Occasionally, however, you might see irregular output similar to
the following:
0 37 write:entry mada&^%**&
The copyinstr
subroutine acts on an input
argument, which is the user address of a null-terminated ASCII
string, but buffers that are passed to the
write()
system call might refer to binary data
rather than ASCII strings or to ASCII strings that do not include
a terminating null byte. To print only as much of the string as
the caller intended, use the two parameter version of the
copyinstr
subroutine, which includes the size
of the targeted string buffer:
syscall::write:entry { printf("%s", copyinstr(arg1, arg2)); }
Alternatively, you can use the copyin
subroutine, which takes an address and size, for example:
syscall::write:entry { printf("%s", stringof(copyin(arg1, arg2))); }
Note that the stringof
operator is necessary so
that DTrace properly converts the user data that is retrieved by
copyin
to a string. The use of
stringof
is not necessary with the
copyinstr
subroutine because it always returns
the type string
.
Avoiding Errors
The copyin
and copyinstr
subroutines cannot read from user addresses that have not yet
been touched, so even a valid address could cause an error if
the page containing that address has not yet been faulted in by
being accessed. Consider the following example:
# dtrace -n syscall::open:entry'{ trace(copyinstr(arg0)); }' dtrace: description 'syscall::open:entry' matched 1 probe CPU ID FUNCTION:NAME 1 8 open:entry /dev/sr0 1 8 open:entry /var/run/utmp 1 8 open:entry /dev/sr0 dtrace: error on enabled probe ID 2 (ID 8: syscall::open:entry): \ invalid address (0x9af1b) in action #1 at DIF offset 52
In the example output, the application was functioning properly,
and the address in arg0
was valid, but it
referred to a page that had not yet been accessed by the
corresponding process. To resolve this issue, you would need to
wait for the kernel or an application to use the data before
tracing it.
For example, you might wait until the system call returns to
apply copyinstr
, as shown here:
# dtrace -n syscall::open:entry'{ self->file = arg0; }' \ -n syscall::open:return'{ trace(copyinstr(self->file)); self->file = 0; }' dtrace: description 'syscall::open:entry' matched 1 probe dtrace: description 'syscall::open:return' matched 1 probe CPU ID FUNCTION:NAME 0 9 open:return /dev/sr0 1 9 open:return /usr/lib64/gconv/gconv-modules.cache 0 9 open:return /dev/sr0 0 9 open:return public/pickup 1 9 open:return maildrop 1 9 open:return /dev/sr0 1 9 open:return /dev/sr0 1 9 open:return /var/run/utmp ...

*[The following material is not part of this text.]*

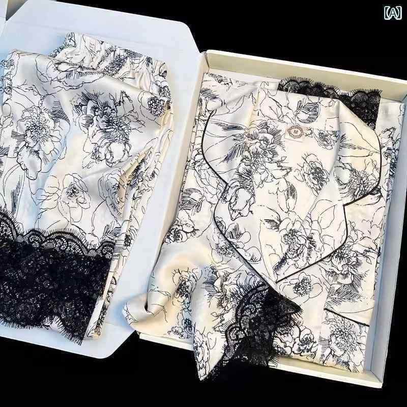 シルク パジャマ レディース 初秋 女性用 パジャマ 冷感 長袖 ズボン スーツ な 水墨 画 レースエッジ カジュアル ホームウェア

Eliminating dtrace Interference
If you trace every call to the write()
system
call, it causes a cascade of output because each call causes the
dtrace command to call
write()
as it displays the output, and so on.
This feedback loop is a good example of how the
dtrace command can interfere with the desired
data. To prevent this type of unwanted data from being traced, use
a simple predicate like the one that is shown in the following
example and save it in a file named stringof.d
:
syscall::write:entry /pid != $pid/ { printf("%s", stringof(copyin(arg1, arg2))); }
In the previous example, the $pid
macro
variable expands to the process identifier of the process that
enabled the probes. The pid
variable contains
the process identifier of the process whose thread was running on
the CPU where the probe was fired. Therefore, the predicate
/pid != $pid/
ensures that the script does not
trace any events related to itself.
Using the syscall Provider
The syscall
provider enables you to trace every
system call entry and return. System calls can be a good starting
point for understanding the behavior of a process, especially if
the process seems to be spending a large amount of time executing
or blocked in the kernel, as shown in the output of commands such
as ps and top.
For example, consider a process with a process ID of 31337 that is consuming a large amount of system time. One possible explanation for this behavior is that the process is executing a large number of system calls. You can specify a simple D program on the command line to see which system calls are happening most often:
# dtrace -n syscall:::entry'/pid == 31337/{ @syscalls[probefunc] = count(); }' dtrace: description ’syscall:::entry’ matched 215 probes ^C kill 1 clone 4 pipe 4 setpgid 4 rt_sigreturn 6 sendmsg 7 socket 7 access 8 getegid 8 geteuid 8 getgid 8 getuid 8 wait4 12 close 15 read 23 newstat 25 write 42 ioctl 65 rt_sigaction 168 rt_sigprocmask 198 write 1092
The previous report shows the system calls that are being called
most often, which in this case, is the write()
system call.
You can use the syscall
provider to further
examine the source of all of the write()
system
calls, for example:
# dtrace -n syscall::write:entry'/pid == 31337/{ @writes = quantize(arg2); }' dtrace: description ’syscall::write:entry’ matched 1 probe ^C value ------------- Distribution ------------- count 0 | 0 1 |@@@@@@@@@@@@@@@@@@@@@@@@@@@@@@@@@@@@@@ 1037 2 |@ 3 4 | 0 8 | 0 16 | 0 32 |@ 3 64 | 0 128 | 0 256 | 0 512 | 0 1024 |@ 5
The previous output shows that the process is executing many
write()
system calls with a relatively small
amount of data. The ratio could be the source of the performance
problem for this particular process. This example illustrates a
general methodology for investigating system call behavior.
ustack Action
Note:
If you want to perform symbol lookup in a stripped executable, you must specify the --export-dynamic option when linking the program. This option causes the linker to add all symbols to the dynamic symbol table (the set of symbols that are visible from dynamic objects at run time). If you use gcc to link the objects, specify the option as -Wl,--export-dynamic to pass the correct option to the linker.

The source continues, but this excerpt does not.